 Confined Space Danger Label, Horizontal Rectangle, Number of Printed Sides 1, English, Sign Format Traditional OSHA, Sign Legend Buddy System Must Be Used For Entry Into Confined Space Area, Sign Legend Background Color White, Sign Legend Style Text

________________

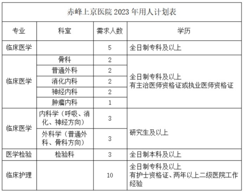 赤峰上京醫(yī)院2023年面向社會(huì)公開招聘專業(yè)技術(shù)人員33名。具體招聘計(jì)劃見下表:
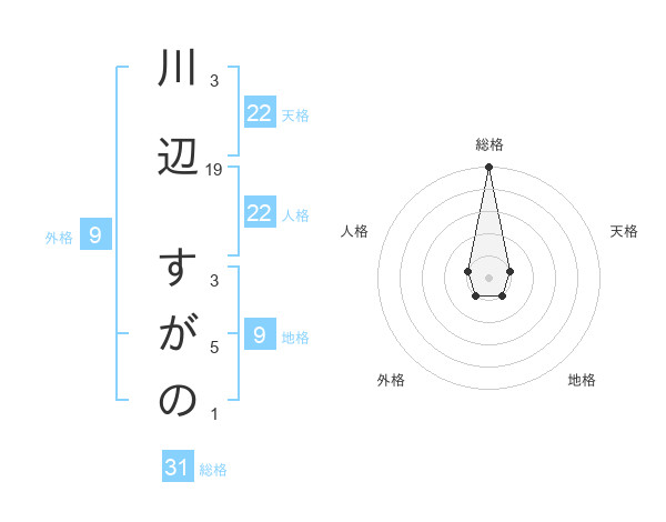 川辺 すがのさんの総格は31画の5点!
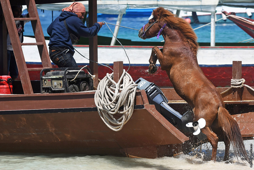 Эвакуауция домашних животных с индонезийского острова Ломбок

________________

What you should do: What is wanted is an exact copy of the lines above from the one containing "川辺 すがのさんの総格は31画の5点!" through the one containing "Эвакуауция домашних животных", with no pictures in it.

Answer space:
 川辺 すがのさんの総格は31画の5点!
 Эвакуауция домашних животных с индонезийского острова Ломбок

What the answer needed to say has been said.